FIG. 6 depicts a flowchart for virtual machine introspection in accordance with illustrative embodiments. Process 600 can be implemented using data processing systems such as those depicted in FIGS. 1-3. Process 600 begins by creating a number of VMs that simulate a number of specified computing environments (step 602). The VMs might emulate a host and network environment.

A number of malware programs are then run on the VMs (step 604). Illustrative embodiments dynamically run the malware on a set of OS, service packs, and software versions to determine any sensitivities in the malware execution to discover malware specific environmental triggers. The malware programs have full access to the simulated computing environments in the VMs. By giving the malware free run of an isolated, virtual environment over which the user has complete ownership, the illustrative embodiments enable a transparent view of what the malware is doing as it executes.

As the malware programs run on the VMs, the host system performs virtual machine introspection using a hypervisor (step 606). Because of the VM-exit handler hooking described above, the VMs and guest malware programs are unaware that the virtual machine introspection is being performed. The VMI collects telemetry data about the malware programs (step 608).

Process 600 also comprises determining if there are alternate computing environments that can be simulated (step 610). If there are alternate computing environments to simulate, the VMI alters the computing environments simulated by the VMs to provoke changes in execution states of the malware programs (step 612). Execution behaviors of the malware programs can then be mapped to specific computing environments.
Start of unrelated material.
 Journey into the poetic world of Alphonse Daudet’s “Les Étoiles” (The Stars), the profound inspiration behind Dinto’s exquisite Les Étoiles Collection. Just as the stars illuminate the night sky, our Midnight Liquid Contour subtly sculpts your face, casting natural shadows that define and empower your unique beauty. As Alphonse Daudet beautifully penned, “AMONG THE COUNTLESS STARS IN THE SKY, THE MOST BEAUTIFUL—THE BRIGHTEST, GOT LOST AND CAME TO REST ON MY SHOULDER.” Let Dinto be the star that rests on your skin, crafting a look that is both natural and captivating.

Malware behavior can be systematically analyzed through dynamic and retroactive provision of new environments based on observables from a prior run to draw unpacked binary into the open. For example, if a binary is looking for a specific service (such as FTP at an IP/DNS location), the illustrative embodiments can automatically spin up an environment that has those attributes to rerun the malware to gain improved analytics about what the malware is doing. As another example, if a binary is looking for a specific version of software (e.g., observed through registry reads, file system activity, etc.) the illustrative embodiments can dynamically create such an environment and resubmit the malware.

Machine learning techniques can be used to detect and classify malware through system call analysis. For example, a convolutional neural network (CNN) might be used to classify code as “goodware” or malware. The input to the CNN might comprise an N-gram, which is a contiguous sequence of N items from a given sample of text such as a system call. The SoftMax function comprising the final layer of the CNN produces an output classifying the source of the system call as goodware or malware according to the similarity of its behavior to know malware used to train the CNN.
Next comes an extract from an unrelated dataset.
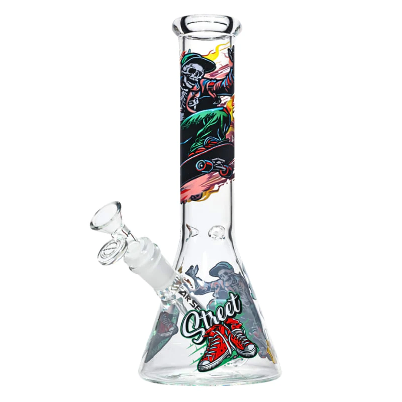 The 10" 4mm Arsenal Street Ink Beaker brings bold graphic artwork and urban-inspired visuals together in a clean, functional design. Featuring detailed street-style illustrations wrapped around the neck and base, this piece delivers edgy character while maintaining a classic beaker silhouette. The high-contrast artwork pops against the clear glass body, giving it strong shelf presence without overwhelming the overall profile. Constructed from durable 4mm glass, the Street Ink Beaker is designed for smooth airflow and dependable daily performance. The stable beaker base provides solid balance during use, while the open chamber promotes easy pulls and simple cleaning. Ideal for customers looking for expressive, graphic-driven glass that still performs reliably session after session.

It should be noted that VMI for alternate computing environments can also be run concurrently, as explained above in reference to FIG. 4.
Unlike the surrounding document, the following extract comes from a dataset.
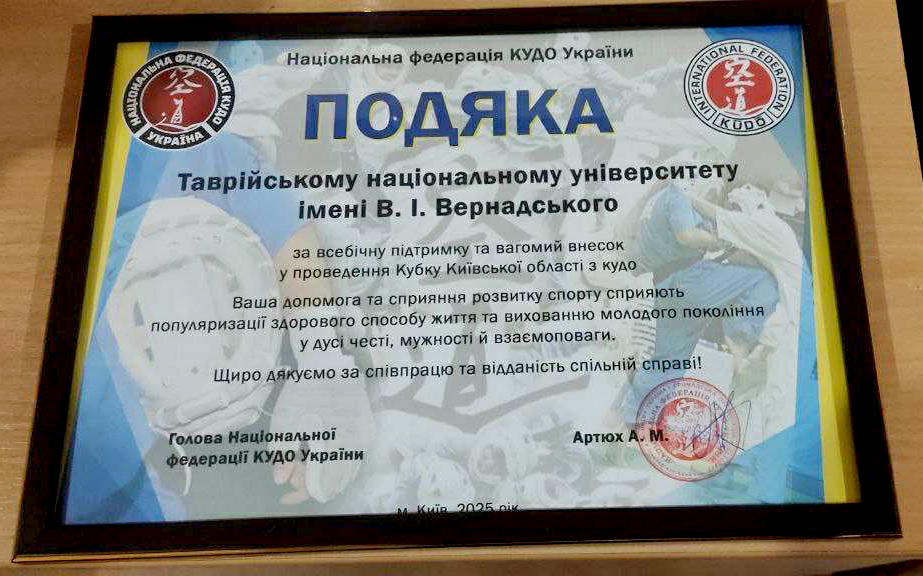 За вагомий внесок у проведення Кубку Київської області з Кудо – 2025 університет був відзначений подякою Національної федерації КУДО України — як знак визнання за всебічну підтримку, партнерство і відданість справі виховання молодого покоління у дусі честі, мужності й взаємоповаги.

The VMI then determines if there are alternate versions of the malware (step 614). If there are different versions, the VMI selects and runs the alternate versions of the malware on the VMs and compares telemetry data for the different versions of the software programs (step 616). The VMI can execute a singleton algorithm for a number of different malware programs and determine similarities in execution among the malware programs. As with alternate computing environments in step 612, the malware versions can be run concurrently on a number of VMs.

Telemetry data collected by the VMI is presented to the user through a UI (step 618). In an embodiment, the UI visually represents relationships among different malware programs according to DNS, similarity of execution, and similarity of static analysis.

In an embodiment, instead of loading known malware programs on the VMs process 600 might comprise visiting a number of websites with the virtual machines and analyzing the websites for malicious activity.

FIG. 7 depicts a flowchart for deep virtual machine introspection in accordance with illustrative embodiments. Process 700 is an extension of VMI step 606 in FIG. 6. The virtual machine introspection further comprises tracking all memory mappings in the virtual machines including libraries and operating system code in addition to the malware (step 702).

The VMI periodically copies the memory mappings as binary (step 704) and loads the binary into an interactive disassembler (IDA) (step 706).

The IDA creates multiple copies of the memory mappings to analyze a program state at different times during execution (step 708). A script (e.g., idapython script) then relocates all memory mappings to correct locations (step 710).

FIG. 8 depicts a flowchart for discovering packed malware code in accordance with illustrative embodiments. Process 800 is an extension of VMI step 606 in FIG. 6.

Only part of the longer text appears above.